Shifts in technology and innovation allow manufacturers to produce their stuff better and cheaper. Technology is deflationary and destroys the price of goods and services over time. Below is a chart comparing the cost of six items over thirty years. Besides the dramatic drop in price, both in nominal and real dollars, the quality improved exponentially as well.
The Motley Fool
To illustrate, imagine an isolated island village with ten inhabitants, all of whom live in a cave. The villagers spend the majority of their waking hours hunting, spearing, cleaning, cooking, and eating fish.
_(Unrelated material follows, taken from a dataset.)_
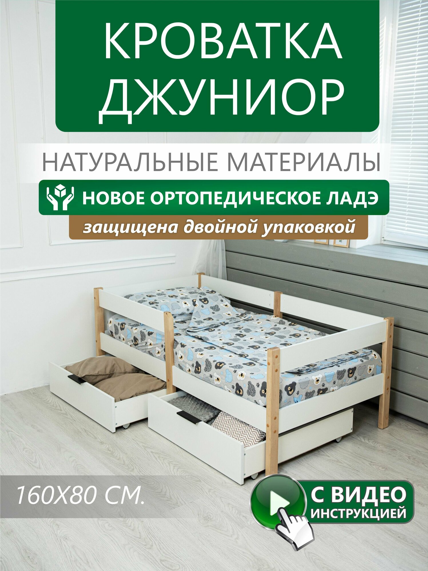 Кровать односпальная Джуниор 160x80 белый/лак информация:

In a flash of brilliance, one weaves a fishing net and discovers she can use this new technology to catch all of the fish in a single hour that the village eats in an entire day. Overnight, the other nine villagers are out of work (creative destruction). No longer needing to spend his days fishing, another villager learns how to grow fruits and vegetables to trade for fish. Not wanting to be left out, one learns how to make sandals and do likewise. Another begins to fashion garments. Another pottery. One discovers a way to store and deliver fresh water to each hut. One learns how to create medicines and healing salves from the local flora. One learns how to make ale and wine. One learns how to make bread. And another learns how to make small boats that can be used travel to the other side of the island, where there is another village with entirely different goods and services that they are willing to trade. Seemingly overnight, the prosperity and subsequent standard of living of the village is increased exponentially, and it all started with a single idea.
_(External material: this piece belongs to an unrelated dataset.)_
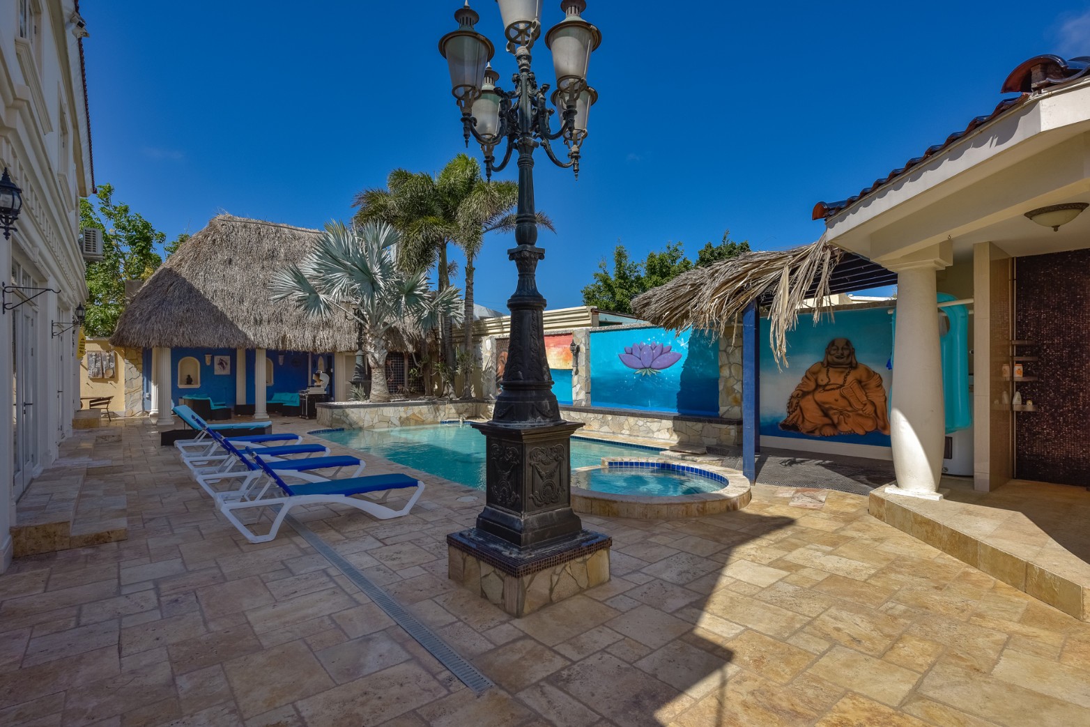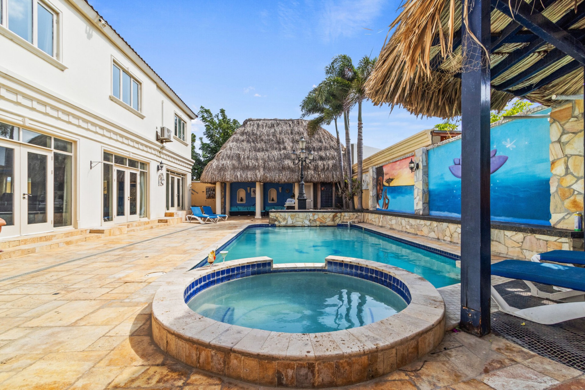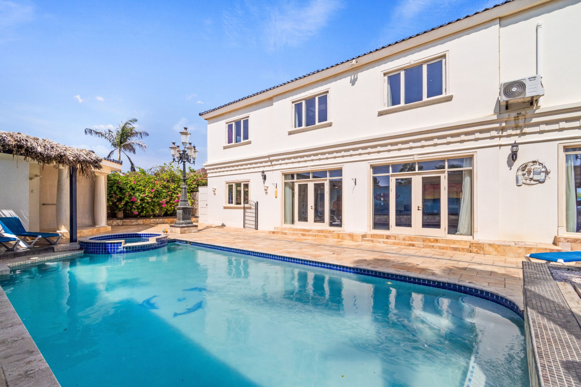 The jewel in the crown of Casa Piu Bella is undoubtedly its private sanctuary – a sparkling swimming pool and a bubbling jacuzzi invite you to indulge in luxury beneath the Caribbean sun. Whether you seek a refreshing dip or a soothing soak, this outdoor haven is a retreat like no other.

The government never has and never will create wealth. Wealth creation only occurs in the private sector and does so for a profit motive. Keynesian demand-side economic policies—which confiscate capital from the private sector, either today or in the future—intended to boost output and full employment, were conceived at a time when the UK was running a budget surplus and debt to GDP was 8%. Keynes never in his wildest dreams envisioned a developed nation with $28 trillion in national debt, and 130% debt to GDP.
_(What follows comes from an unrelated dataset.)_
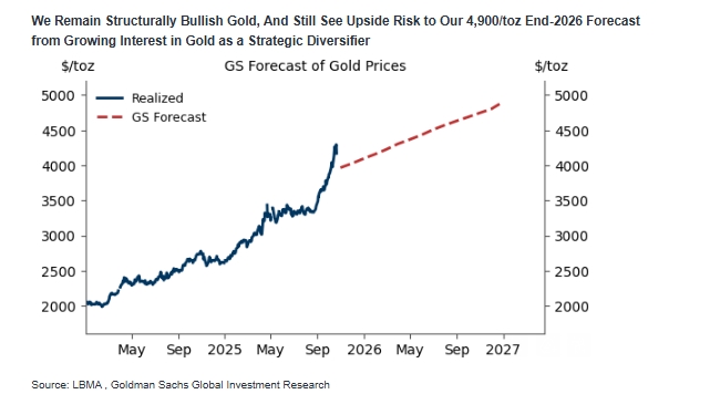 Ο χρυσός ενισχύθηκε κατά 26% από τον Σεπτέμβριο έως την περασμένη Δευτέρα, φτάνοντας στο ρεκόρ των 4.378 δολαρίων/ουγγιά, προτού υποχωρήσει σημαντικά το τελευταίο διήμερο. Η Goldman Sachs πιστεύει ότι οι επίμονες, διαρθρωτικές αγορές των funds θα συνεχιστούν περαιτέρω και εξακολουθεί να βλέπει ανοδικό κίνδυνο για την πρόβλεψή της για τα 4.900 δολάρια στο τέλος του 2026 από το αυξανόμενο ενδιαφέρον για τον χρυσό ως στρατηγικό διαφοροποιητή χαρτοφυλακίου.

In the 1996 movie, Jerry Maguire, Cuba Gooding Jr.’s character, Rod Tidwell, when asked what he wanted, famously responded, “Show me the money.” As evidenced by history, the current trajectory of imprudent deficit spending and money printing leads to weeping and gnashing of teeth in the long run. In the short run, however, the market wants to see the money and both Uncle Sam and the Federal Reserve are happy to oblige. But government spending never has and never will create wealth or increase prosperity. The oft-touted multiplier effect, can and does create wealth in the private sector, but does not in the public sector. If it did, logic dictates that no government would ever experience a recession or depression, as they could simply spend their way to prosperity indefinitely. Unfortunately, there is no such thing as a free lunch. At some point, you have to pay the bill.